In the book, I use copyright law as a lens for exploring how communities negotiate their relationship with each other and the state. It is a ‘bottom-up’ approach to law, where I center ethnographic engagements with Jamaican popular music, especially Jamaican street dances. My research demonstrates how street dances in particular (and sound system culture to some extent) can be “exilic spaces” wherein people act out a kind of negotiated autonomy (cultural, economic and political) against colonial power. I examine how technology, law, and social history shape people’s abilities to achieve autonomy, and also intimacy and healing, in those spaces. And I show how copyright is not designed to be, and cannot liberate people from colonial power.
Tell me a bit about the process of securing the book deal.
Academic publishing is its own thing—full-time employed academics mostly don’t expect to make money off book sales, but a book’s publication on an academic press and its reception among scholars can help us get promotions and/or job security. So for this book I had to get an academic publisher.

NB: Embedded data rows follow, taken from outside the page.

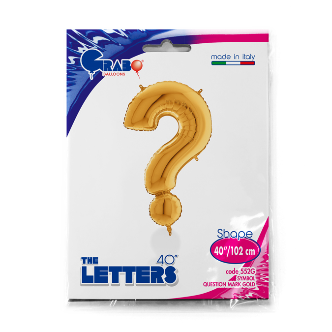 Foil balloon in shape of ? in gold color. Balloons are in single pack.
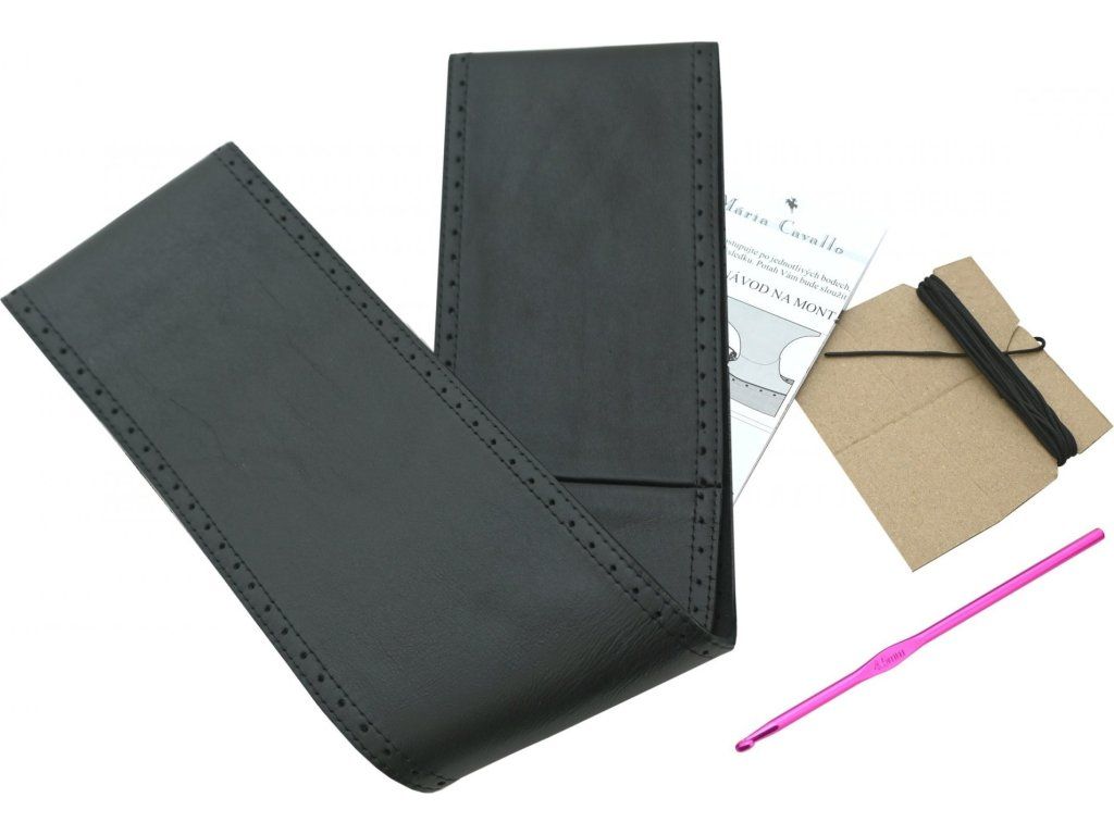 Sada obsahuje samotný kožený potah, pevnou černou šňůru a jehlu pro snadné a kvalitní upevnění k volantu. Ke každému balení je rovněž přiložen přehledný návod na montáž.
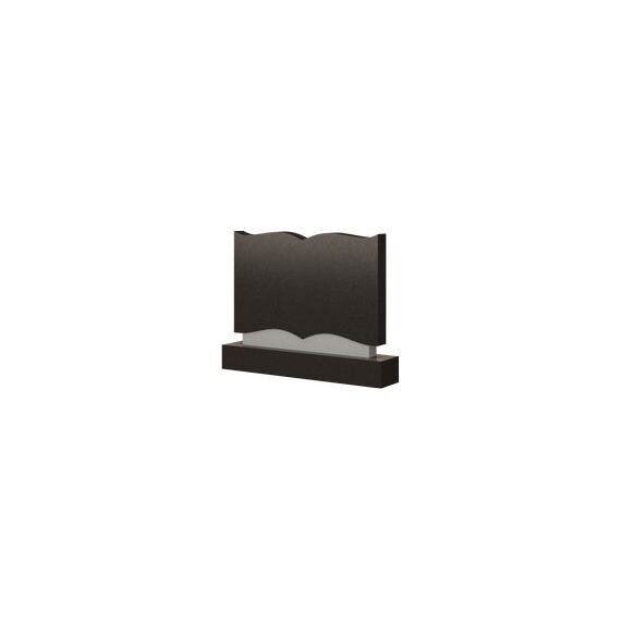 Представленную модель памятника формируют многочисленные крупные волнистые линии на вершине плиты и у ее основания, буйство которых сдерживают четкие и строгие вертикали боковых граней. Вся эта композиция размещена на некой подставке, которая контрастным акцентом выступает от подножия мемориального изделия и растворяется в глубине каменной стелы. Целостность и гармоничная сложенность сооружения наполняют его особой грандиозностью и величественностью. Данная модель надгробия органично и красиво оформит место захоронения почивших родственников и сохранит на долгие годы светлую память о них.
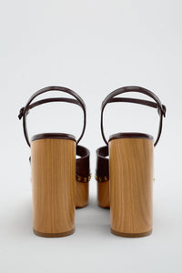 Platform sandals with a wood-effect finish. Wide strap across the front and studs on the sides. Ankle strap with buckle closure.

The sort of hybrid character of the book (is it law? Ethnomusicology? Media Studies? Caribbean Studies?) was sometimes hard for publishers to parse. I got quite a few very nice rejections from presses that said “this is really interesting but we don’t know how to market it.” This also came up in the review process (once a manuscript is accepted it gets sent to reviewers)—people who read the manuscript may come from different fields or not be interdisciplinary, and sometimes they have specific expectations of how a manuscript is supposed to engage with their field of expertise, or how it’s supposed to present its information and its argument. But a lot of that is disciplinary expectations, not disagreements of fact or even interpretation.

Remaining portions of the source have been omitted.